“Вам очень к лицу розовое,” — сказала пожилая женщина с печальными глазами.
Кстати, она выбрала для себя розовые махровые сенполии. А молодой человек, купивший для своей невесты фиолетовую малютку-Машеньку — она давала имена всем своим цветам — долго не хотел отходить от прилавка, явно стараясь произвести впечатление. Еле выпроводила его, уже начала сердиться, стыдливо и озабоченно поглядывая на дверь.
Впрочем, сегодня она весь день посматривала на дверь. Зачем? Будто ждала кого-то. Кого ей ждать? Она одна на всем белом свете. У нее нет ни близких, ни родных, только подружки-сенполии.
И все же она ждала. Ждала, поглядывая из окна своего крохотного магазинчика на двери метро.
Какая глупость!
Весь день высматривала и пропустила, пропустила его. В тот момент, когда он вышел, она была занята постоянной покупательницей, симпатичной статной брюнеткой, страстной любительницей всего и в особенности фиалок. На этот раз брюнетка купила Светланок. Светланки очень, очень хороши! Маленькие белые сенполии с серебристыми бархатными листочками. Просто чудо!
Пока она расхваливала брюнетке свой товар, из метро вышел высокий красивый мужчина средних лет с густой шевелюрой, едва тронутой сединой. Все в нем было респектабельно: и строгий костюм, и прическа, и галстук. В руках дорогой английский портфель. Такие мужчины ездят на “Мерседесах”, их нечасто встретишь в метро. Именно поэтому все обращали на мужчину внимание, некоторые оглядывались ему вслед, он же был задумчив и не замечал вокруг ничего.
“Почему меня не встретили?” — гадал он, проходя мимо цветочного магазинчика и бросая равнодушный взгляд на юную продавщицу, бойко расхваливающую свой живой товар разодетой брюнетке, весьма интересной даме.
На брюнетке он задержал на секунду взгляд и машинально отметил, что бабенка совсем ничего, даже очень и очень, вполне и вполне…
Отметил и дальше пошел, решая свою загадку.
“Странно, — думал он, — странно, что меня не встретили. Опять помощники все перепутали. Да это и хорошо, — порадовался вдруг он. — Как нормальный человек поброжу по городу. Сто лет так не бродил. А мне здесь есть что вспомнить”.
Он жадно глотнул городской воздух и сказал:
— Черт! Куда я спешу? Куда я все время спешу?
Проходившая мимо невзрачная женщина интеллигентно осведомилась:
— Простите, вы что-то спросили?
— Нет-нет, извините, я не вам, — смутился он, кланяясь ей и мысленно отмечая: “Тетка — синий чулок, но я ей понравился”.
Игривое настроение охватило его. Он почувствовал свободу и подумал: “Эх, хорошо, что меня не встретили. Времени навалом, аж до завтрашнего утра, даже до обеда. По городу поброжу, на девушек поглазею. Девушки здесь сумасшедше красивые! А какие здесь были денечки…”
Воспоминания нахлынули на него…
Хорошие воспоминания, но стало грустно.
“Совсем отвык от нормальных людей за этой кабинетной жизнью, — пригорюнился он. — Помнится, я бабником был, пламенел от любого девичьего взгляда, волочился за каждой юбкой… — Он удивился: — Куда все это ушло?
Куда? В песок. Все в песок, вся жизнь туда. Работа-работа, обязанности-обязательства, интриги…

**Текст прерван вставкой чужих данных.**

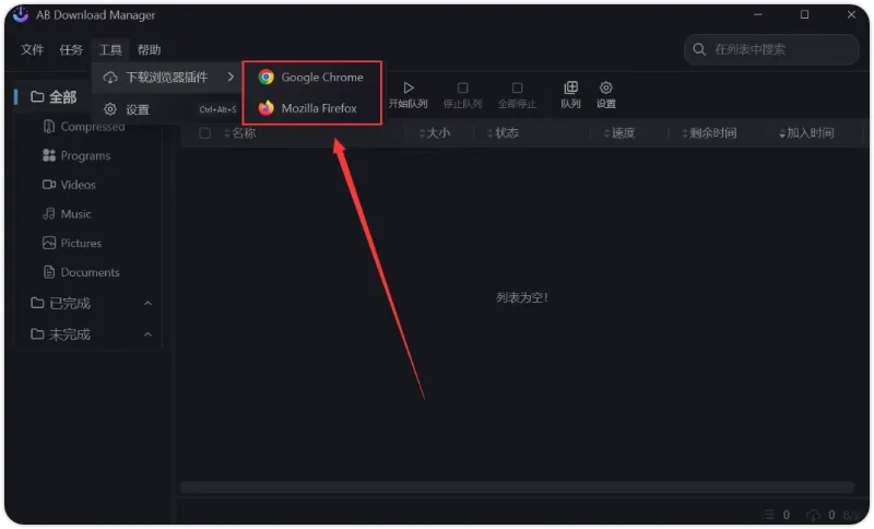 浏览器一键捕获:提供了Chrome 和 Firefox 浏览器插件。安装后,网页上的视频、软件等资源链接可以直接捕捉并发送到ABDM中下载,无需手动复制粘贴,无比便捷。
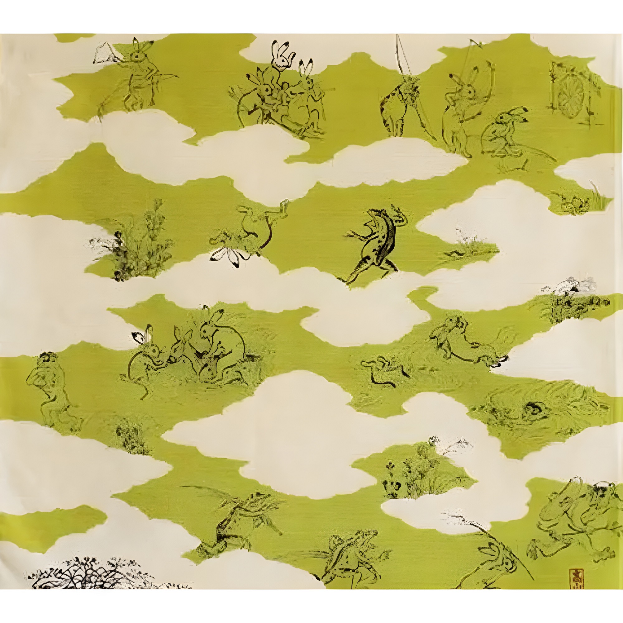 Das Motiv „Chojyugiga“ zeigt Szenen aus den berühmten japanischen Tierkarikaturen, die als Vorläufer des Manga gelten. Diese heiteren Darstellungen von Tieren im menschlichen Alltag verleihen dem Tuch einen besonderen künstlerischen und kulturellen Wert.

Забыл уже, что я мужик. Настоящие чувства грязью дорогой подменил. Все какие-то фифы крутятся возле меня, какие-то задаваки, кривляки, алчные все бабенки. И дружно чего-то хотят от меня, требуют, топают, шантажируют… И угрожают.
Давно я не видел баб настоящих, тех, которые не охотятся, а живут. Красиво живут: правильно, творчески, умно, со вкусом к тому, что имеют, без иждивенчества, без идиотской погони за яхтами, замками, “мерсами”. Настоящая женщина знает: замок хотеть — это пошло. Хотеть можно то, что возможно собою объять. Остальное — мораль рабовладельца, что преступно, низко и дико — из начала нашей эры эта мораль”.
Он окинул мысленным взором свою непростую судьбину и удручился: “Да-аа, оторвался я от простых людей и попал в такое говно!
А жизнь идет. Жизнь мимо проходит”.
В этот момент он вдруг ощутил, что его томит, томит какое-то чувство, чем-то брезжит эмоция, откуда-то из глубины сознания исходит таинственный интерес… Вот только к чему?
Он покопался в себе и обнаружил там много приятного, целый пласт, но все это ощущения… Даже не так — остатки эмоций, а вот каких? Он не знал.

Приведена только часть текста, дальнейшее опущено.